__AVAILABLE DATA__:

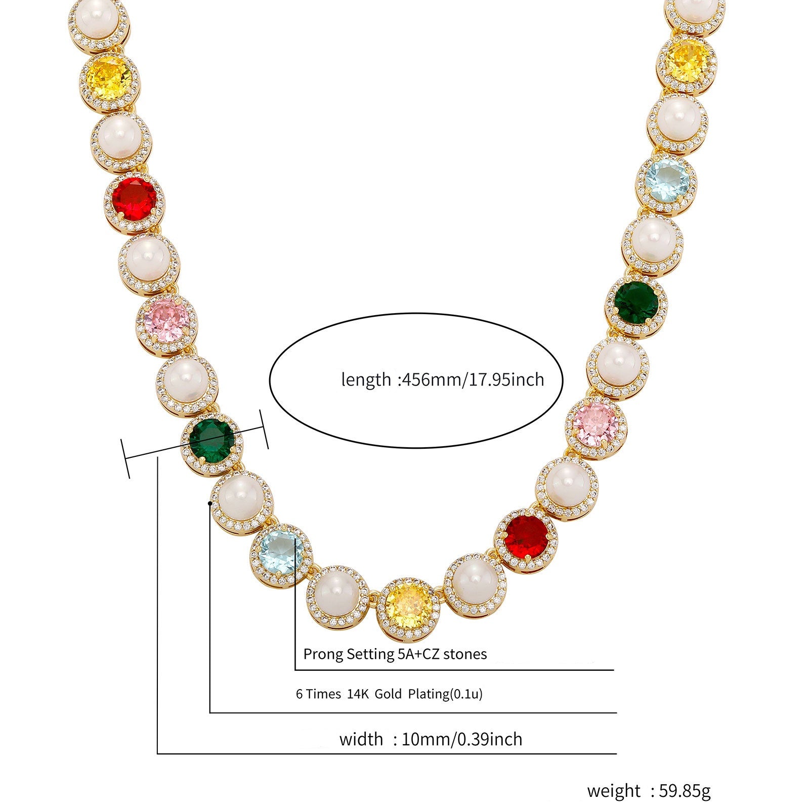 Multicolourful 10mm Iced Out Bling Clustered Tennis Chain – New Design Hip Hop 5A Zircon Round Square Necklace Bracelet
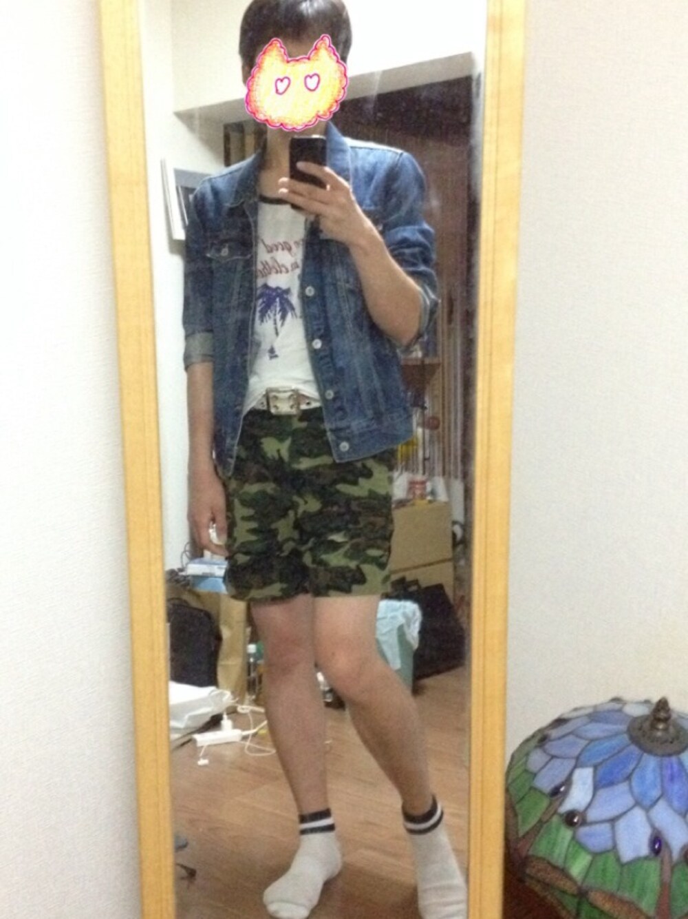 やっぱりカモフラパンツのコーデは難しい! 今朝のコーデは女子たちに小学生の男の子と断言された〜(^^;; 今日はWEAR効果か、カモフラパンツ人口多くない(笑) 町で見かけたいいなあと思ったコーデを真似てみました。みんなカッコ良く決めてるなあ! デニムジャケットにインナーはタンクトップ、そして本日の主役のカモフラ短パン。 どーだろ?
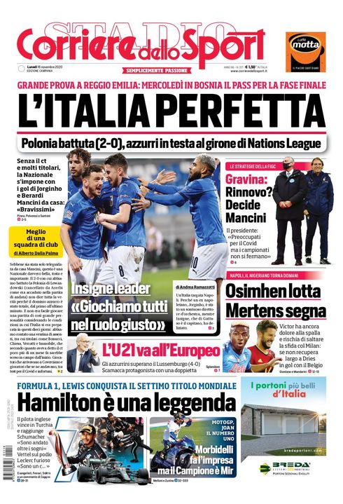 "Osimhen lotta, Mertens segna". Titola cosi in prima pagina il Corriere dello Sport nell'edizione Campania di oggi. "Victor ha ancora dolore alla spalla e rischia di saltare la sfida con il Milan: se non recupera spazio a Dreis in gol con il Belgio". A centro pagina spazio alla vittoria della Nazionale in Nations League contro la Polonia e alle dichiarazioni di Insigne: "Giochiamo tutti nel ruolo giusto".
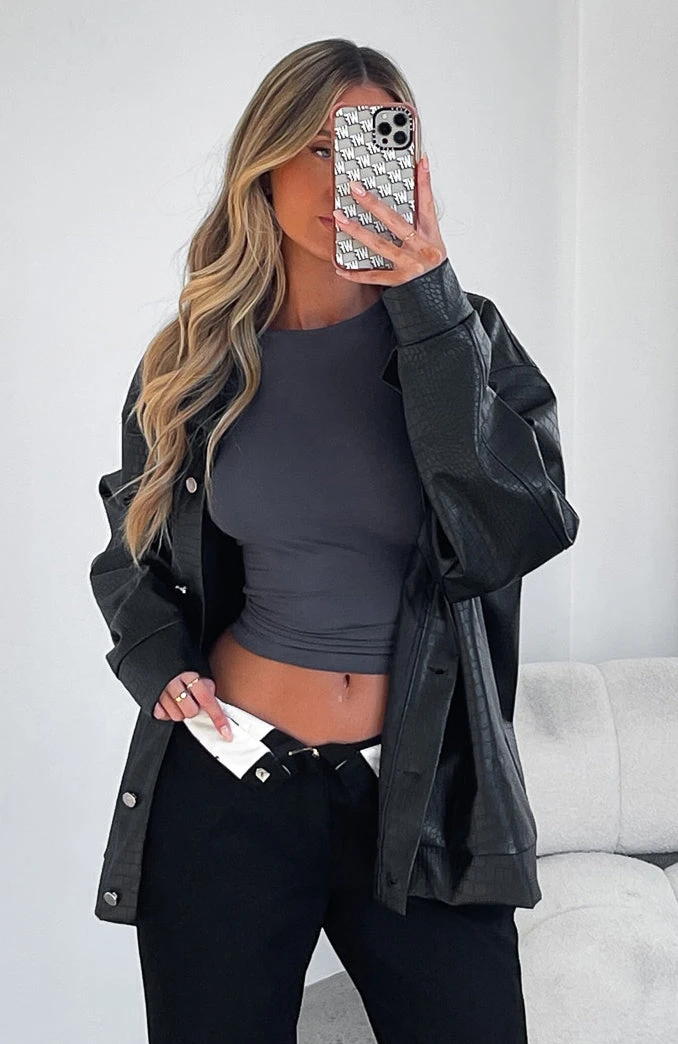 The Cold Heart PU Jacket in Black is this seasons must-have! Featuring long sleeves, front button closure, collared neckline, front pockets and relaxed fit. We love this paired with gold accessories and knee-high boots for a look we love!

__PROBLEM__:
Every line between the one containing "Titola cosi in" and the end of the listing, both included, needs to be retyped exactly, minus the pictures.

__ANSWER BELOW__:
 "Osimhen lotta, Mertens segna". Titola cosi in prima pagina il Corriere dello Sport nell'edizione Campania di oggi. "Victor ha ancora dolore alla spalla e rischia di saltare la sfida con il Milan: se non recupera spazio a Dreis in gol con il Belgio". A centro pagina spazio alla vittoria della Nazionale in Nations League contro la Polonia e alle dichiarazioni di Insigne: "Giochiamo tutti nel ruolo giusto".
 The Cold Heart PU Jacket in Black is this seasons must-have! Featuring long sleeves, front button closure, collared neckline, front pockets and relaxed fit. We love this paired with gold accessories and knee-high boots for a look we love!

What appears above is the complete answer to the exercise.